** Exercise instructions **
All pictures are to be dropped, and everything else in the data duplicated exactly.

::: Available data

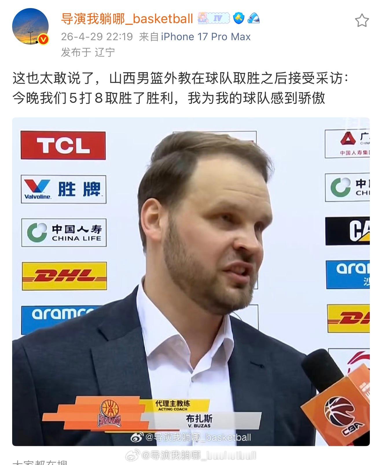 CBA官方开出罚单:因发表“5打8”的不合适言论,山西男篮助理教练被处罚3万元,给予山西男篮总经理罚款1万元
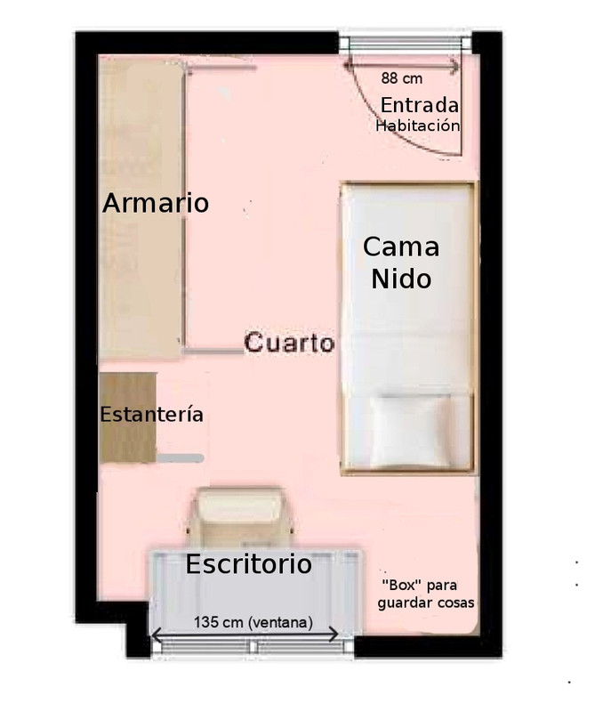 La habitación tendría una cama nido, un armario, un escritorio (quiero poner la mesa más grande que pueda caber sin que esté todo abarrotado), una estantería (es la que está en la esquina) y, si se puede, algo para almacenar cosas varias.
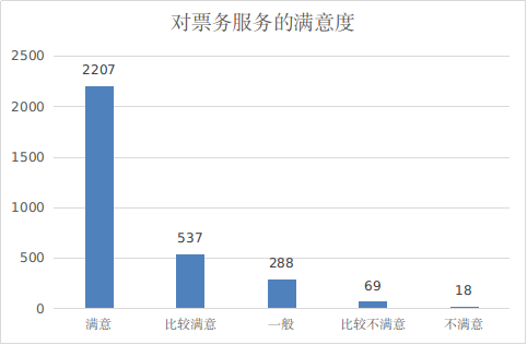 3.问卷调查情况分析。本季度问卷调查中,对于票务服务,70.76%旅客选择“满意”,17.22%旅客选择“比较满意”,旅客较为不满、认为需要改善的主要集中在改签、取票和取票方面。详见图2。

::::::

** Reply **
 CBA官方开出罚单:因发表“5打8”的不合适言论,山西男篮助理教练被处罚3万元,给予山西男篮总经理罚款1万元
 La habitación tendría una cama nido, un armario, un escritorio (quiero poner la mesa más grande que pueda caber sin que esté todo abarrotado), una estantería (es la que está en la esquina) y, si se puede, algo para almacenar cosas varias.
 3.问卷调查情况分析。本季度问卷调查中,对于票务服务,70.76%旅客选择“满意”,17.22%旅客选择“比较满意”,旅客较为不满、认为需要改善的主要集中在改签、取票和取票方面。详见图2。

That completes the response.